With respect to traditional rulemaking, the CFPB has several priorities. We are heavily focused on implementing longstanding Congressional directives, many of which have gone ignored. These include rulemakings related to consumer access to their financial records, increasing transparency in the small business lending marketplace, and implementing regulations for quality control standards for automated valuation models under Sections 1033, 1071, and 1473(q) of the Dodd-Frank Act. We are also working on prescribing certain regulations relating to Property Assessed Clean Energy financing under Section 307 of the Economic Growth, Regulatory Relief, and Consumer Protection Act.

In addition, the CFPB is reviewing other authorities authorized by Congress that have gone unused. For example, we are assessing whether to utilize Congressional authority to register certain nonbank financial companies to identify potential scammers and others that repeatedly violate the law.

We are also reviewing a host of rules that the agency inherited from other agencies, including the Federal Reserve Board of Governors and the Federal Trade Commission, as well as other rulemakings the CFPB pursued in its first decade of existence. Many of these rules have now been tested in the marketplace for many years and are in need of a fresh look. These reviews include:

  • Rules originally developed by the Federal Reserve Board of Governors under the Credit CARD Act of 2009, including the enforcement immunity and inflation provisions when imposing penalties on customers.
  • Rules originally developed by the Federal Trade Commission to implement the Fair Credit Reporting Act in an effort to identify potential enhancements and changes in business practices.
  • The CFPB’s Qualified Mortgage Rules to explore ways to spur streamlined modification and refinancing in the mortgage market, as well as assessing aspects of the “seasoning” provisions.

We have also increased transparency and public input through our rulemaking petition process.

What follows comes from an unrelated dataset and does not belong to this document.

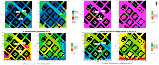 Simulated Distribution Map at 14:00. (a) Simulated Wind Speed Distribution Map at 14:00, (b) Comparison of Measured and Simulated Wind Speed at Points IIa to IIc, (c) Simulated Temperature Distribution Map at 14:00, (d) Simulated Relative Humidity Distribution Map at 14:00.
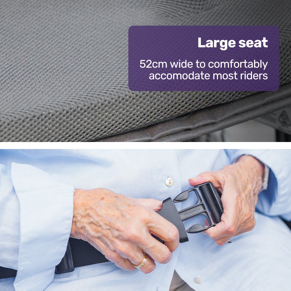 Twin motors offering a total of 500 watts offer an enjoyable riding experience with smooth and responsive performance, not to mention the ability to climb hills and ramps right up to a 15-degree incline! A tight 1.1m turning circle offers the manoeuvrability you need on paths and in places like shopping centres, parks and supermarkets.

As of February of this year, the public can submit rulemaking petitions to petitions@cfpb.gov, which will be posted on regulations.gov . This will give the public an opportunity to voice their views by filing comments on any petitions that are submitted.

Lastly, with respect to guidance, the CFPB will increase its interpretation of existing law to the marketplace. The CFPB’s Advisory Opinion program, launched in 2020, is a way to quickly provide interpretive rules to industry so that they can better understand the rules of the road. We are accepting requests for future advisory opinions as well as feedback on any existing advisory opinions through our dedicated email address: advisoryopinion@cfpb.gov.

The CFPB also plans to promote consistency among enforcers through Consumer Financial Protection Circulars. This new form of guidance document is specifically directed to the broad set of government agencies responsible for enforcing federal consumer financial law, including other federal regulators and state and tribal attorneys general and regulators across the country. These circulars seek to provide greater clarity to financial institutions by encouraging consistent enforcement among government agencies of laws passed by Congress. Similar to the Advisory Opinion program, we are seeking input on potential circular topics from regulators, enforcers, and the public at: cfpbcirculars@cfpb.gov.

The CFPB will continue its efforts to clearly communicate the agency’s expectations in simple and straight-forward terms in the months ahead and we welcome the public’s input.